Отец и дочь возвращались домой пешком через парк «Динамо» по узенькой дорожке, протоптанной в сугробах редкими прохожими. Ларек у входа был засыпан по самую крышу снегом, но из окна выглядывала симпатичная буфетчица и поблескивал никелированный бок кофеварки.

– Надюша, хочешь кофе? – спросил отец.

– Да, хочу.

Стаканчики, поставленные на столике прямо в снег, протаяли аккуратные ячейки. Провода, протянутые из-за деревьев к небольшому ларечку, низко провисали под тяжестью снега, и время от времени с них срывались пушистые звездочки и падали в кофе.

Тишина и чистота царствовали в этот час в парке «Динамо».

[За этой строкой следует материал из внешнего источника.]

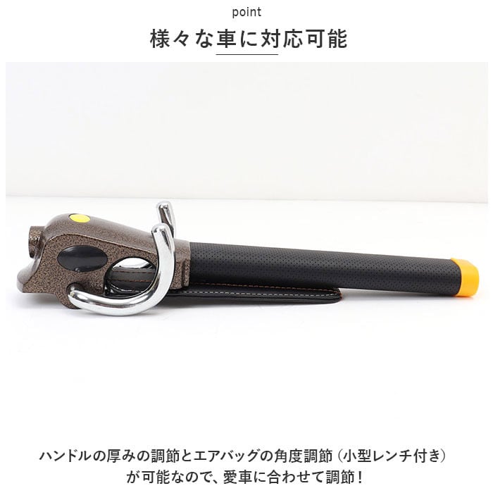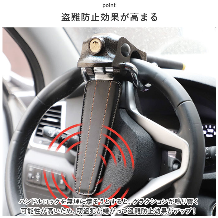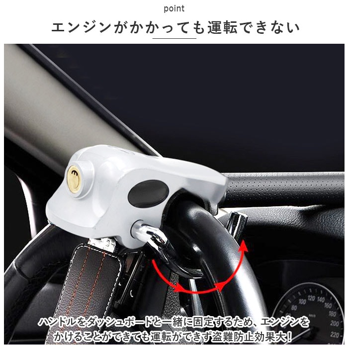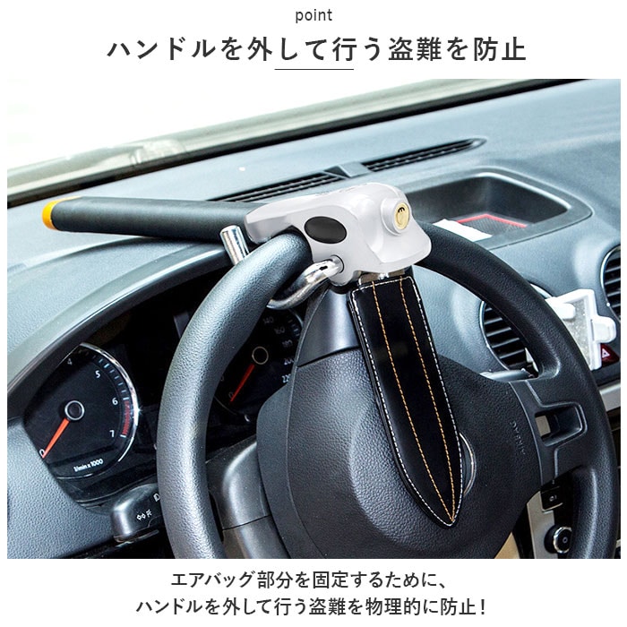 | 商品説明 | 愛車の盗難防止に効果的なハンドルロックが登場!【ハンドルを外して行う盗難を防止】エアバッグ部分を固定するために、ハンドルを外して行う盗難を物理的に防止!【エンジンがかかっても運転できない】ハンドルをダッシュボードと一緒に固定するため、エンジンをかけることができても運転ができず盗難防止効果大!【盗難防止効果が高まる】ハンドルロックを無理に壊そうとすると、クラクションが鳴り響く可能性が高いため、窃盗犯が嫌がって盗難防止効果がアップ!【様々な車に対応可能】ハンドルの厚みの調節とエアバッグの角度調節(小型レンチ付き)が可能なので、愛車に合わせて調節!【簡単な取り付けと解除方法】簡単な取付方法なのに愛車を盗難から守る効果アップ!解除も付属の鍵(3個付き)で手間いらず!【愛車を傷つけない】ハンドルに触れる部分にはパッドが、またダッシュボードに触れる部分は滑りにくい素材で、傷がつきにくい仕様。 |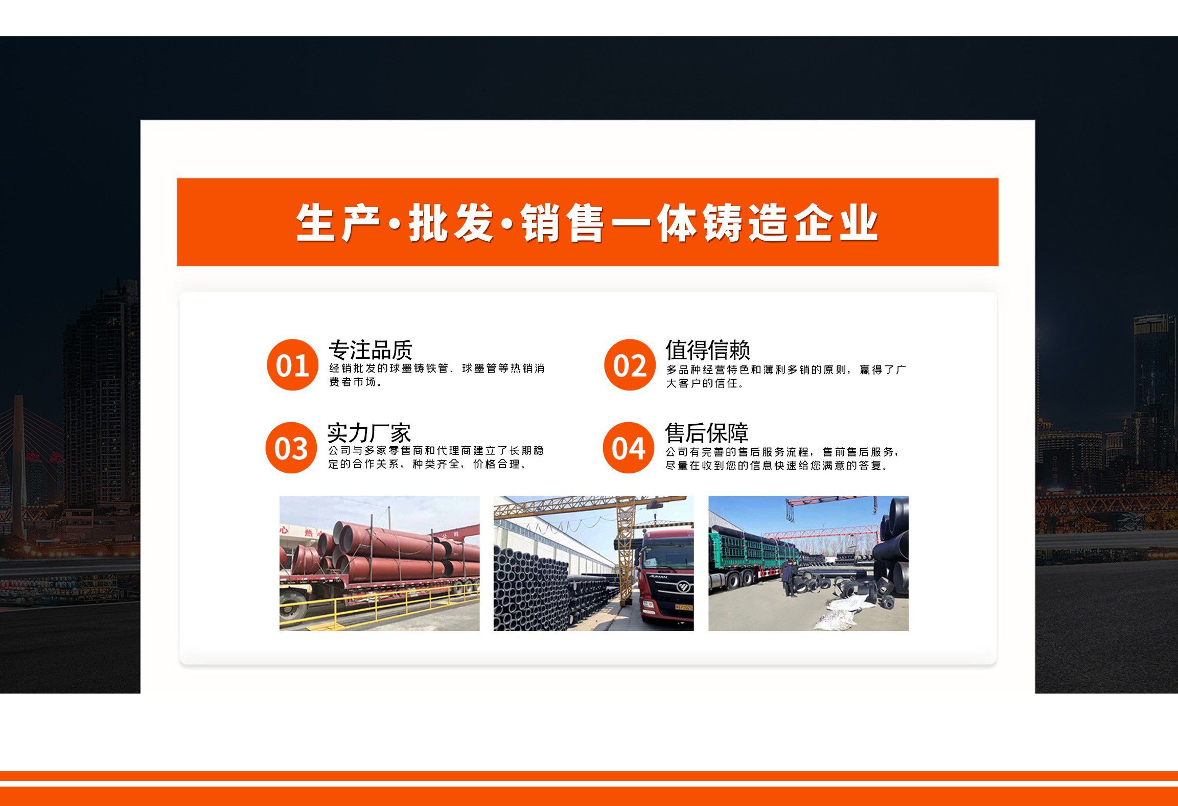 青島金源達(dá)管業(yè)有限公司主要經(jīng)營各種規(guī)格球墨鑄鐵管,球墨管,球墨鑄鐵管廠家等產(chǎn)品,質(zhì)量可靠,誠信經(jīng)營,值得信賴! 青島金源達(dá)管業(yè)有限公司始終堅(jiān)持“誠信立業(yè),追求卓越,合作共贏,共同發(fā)展”,竭誠歡迎各界朋友來廠參觀指導(dǎo),洽談業(yè)務(wù)。我們愿與您攜手共進(jìn),互惠雙贏,共創(chuàng)未來! 公司堅(jiān)持“以奮斗者為本”的理念,關(guān)心關(guān)愛職工,職工的獲得感、幸福感更加充實(shí)、更有保障、更可持續(xù);秉承“忠誠企業(yè)、勇于擔(dān)當(dāng)、開拓創(chuàng)新、主動(dòng)作為”,堅(jiān)持黨建領(lǐng)航、創(chuàng)新驅(qū)動(dòng)、文化塑魂、奉獻(xiàn)社會(huì),全面致力于綠色、低碳、高效、高質(zhì)量發(fā)展?! ≡概c各界朋友攜手并進(jìn),共創(chuàng)未來!...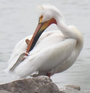 The American white pelican is one of the largest North American birds, with adults having a wing span of nearly 8 feet. They eat mostly small fish that occur in shallow wetlands, such as minnows, carp, and suckers, according to allaboutbirds.com. American white pelicans winter along the Gulf Coast of Mexico and fly back north each spring west of the Great Lakes. They generally spend summers in the Great Plains and Manitoba and Alberta. They have been spotted over the last few years near Rochester, Montezuma Refuge and Onondaga Lake.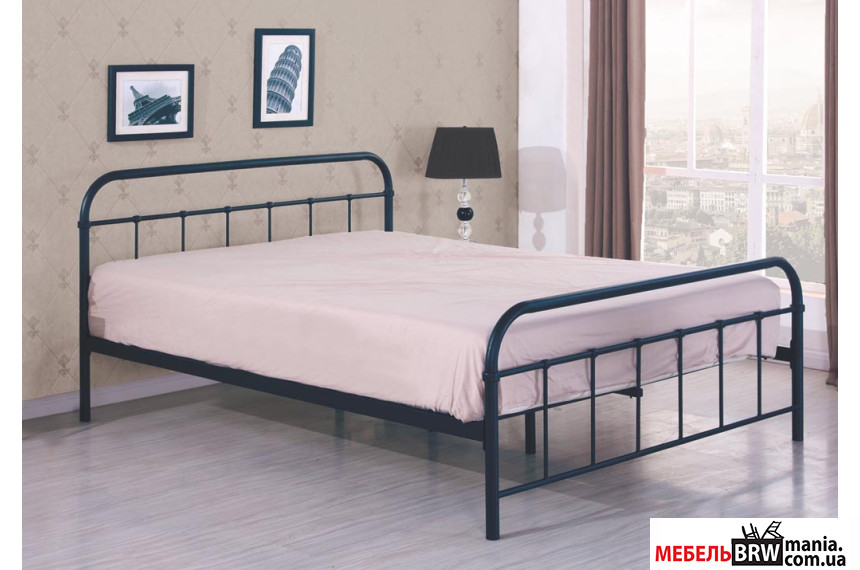 елементами інтер'єру в кімнаті. Полуторне ліжко чорного кольору зроблено з
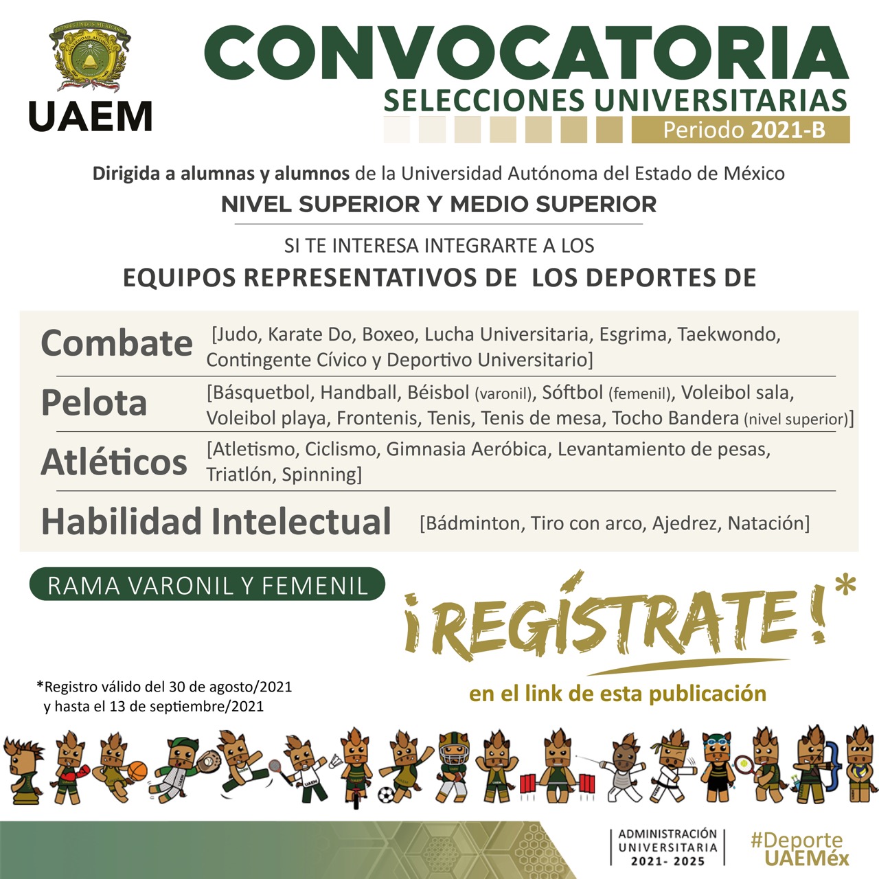Para integrar los equipos deportivos de la Autónoma mexiquense, las y los universitarios interesados de los niveles medio superior y superior podrán registrarse antes del […]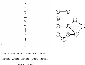 Ниже приведен простой пример, иллюстрирующий уменьшение ширины ленты матрицы путем перенумерования вершин соответствующего графа. После изменения номеров вершин графа , который соответствует матрице В, получается граф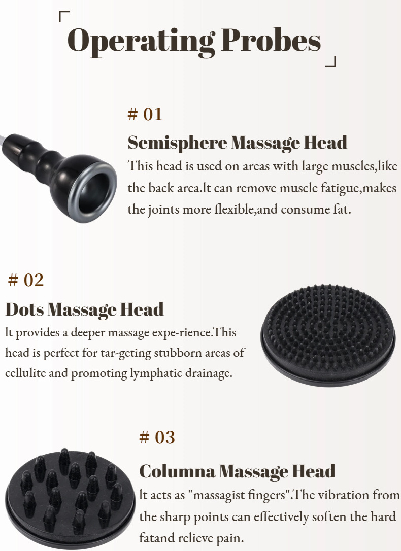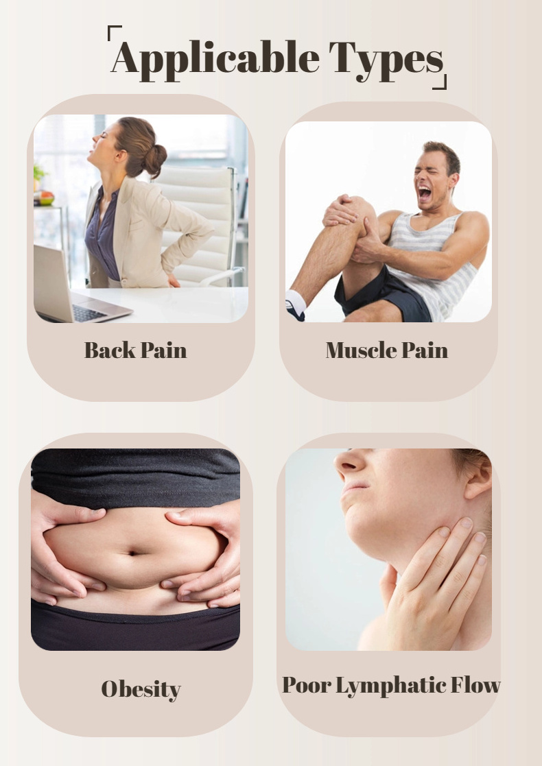 Vibration: The principle of vibration is based on the idea that mechanical vibrations can help stimulate the body's lymphatic system, which is responsible for removing waste and toxins from the body. It is effective for relaxing muscles and reducing cellulite.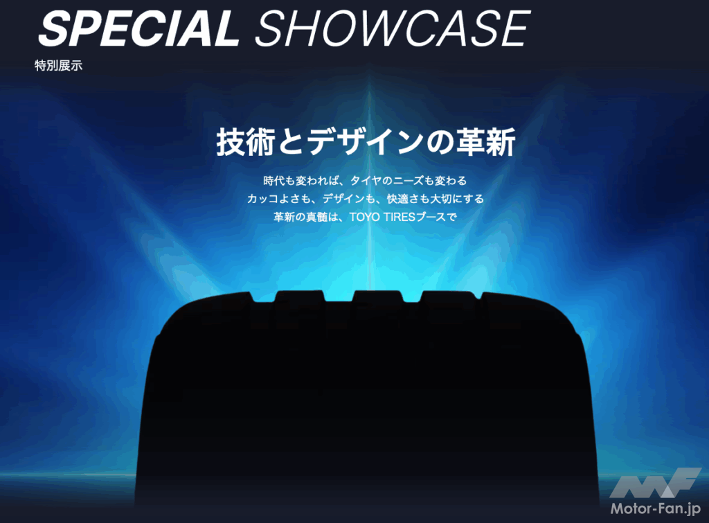 また、顧客ニーズの多様化を見据えたデザインコンセプトタイヤが参考出品される。これらの展示を通じて、両ブランドの魅力とさらなる飛躍に向けて挑戦を続けるTOYO TIRESの取り組みが幅広く紹介される。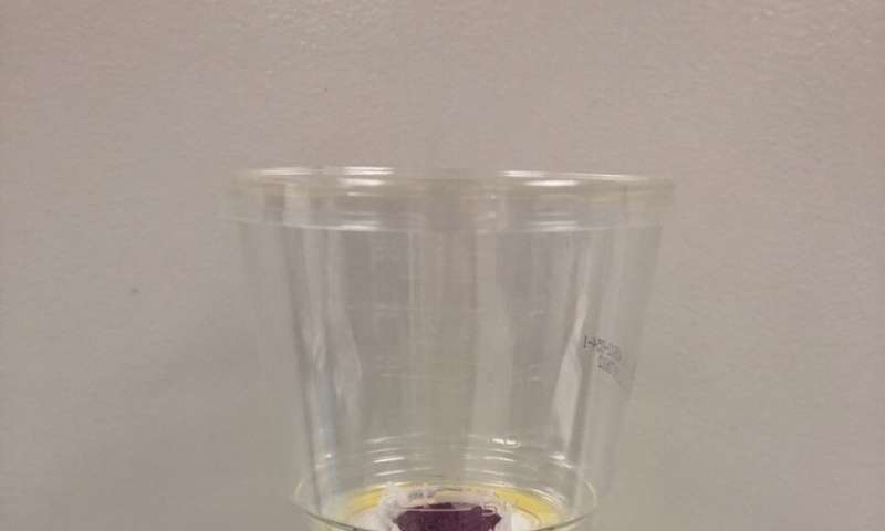 用于檢測牛奶中揮發(fā)性化合物的實(shí)驗(yàn)裝置,在液體上方可以看到粉紅色的納米顆粒。

На заседание президиума Академии художеств академики собирались на Кропоткинской улице в старинном особняке со стеклянным фонарем на крыше. Они отдавали пальто и шапки на вешалке старику с бакенбардами и, поднявшись по нескольким ступенькам, входили в комнату с дубовыми панелями, где, кроме длинного полированного стола и старинных часов с фигурками коней, ничего примечательного не было. Эту комнату значительной делали сами академики. Они рассаживались вокруг стола, белоголовые, величественные, и начинался совет. Серов, Кацман, Алпатов, Лаптев – все были седые. Правда, у Лаптева, как у самого молодого академика, седины было поменьше.

Брагин переступил через порог, поздоровался кивком головы и, приблизившись к краю стола, где осталось свободным его место, положил папку. Потом толкнул ее по гладкой поверхности на середину и проговорил:

– Эта папка у меня два с половиной года. Стыдно, что ее до сих пор никто не видел.

Василий Алексеевич больше ничего не сказал. Он ждал, как его коллеги воспримут рисунки Нади. Увидев, что восприняли хорошо, вздохнул с облегчением и полез под стол завязывать шнурок на ботинке.

Академики выказали немалое удивление.

– Как сохранить? Вот вопрос, – сказал Алпатов, единственный среди академиков не художник, а искусствовед.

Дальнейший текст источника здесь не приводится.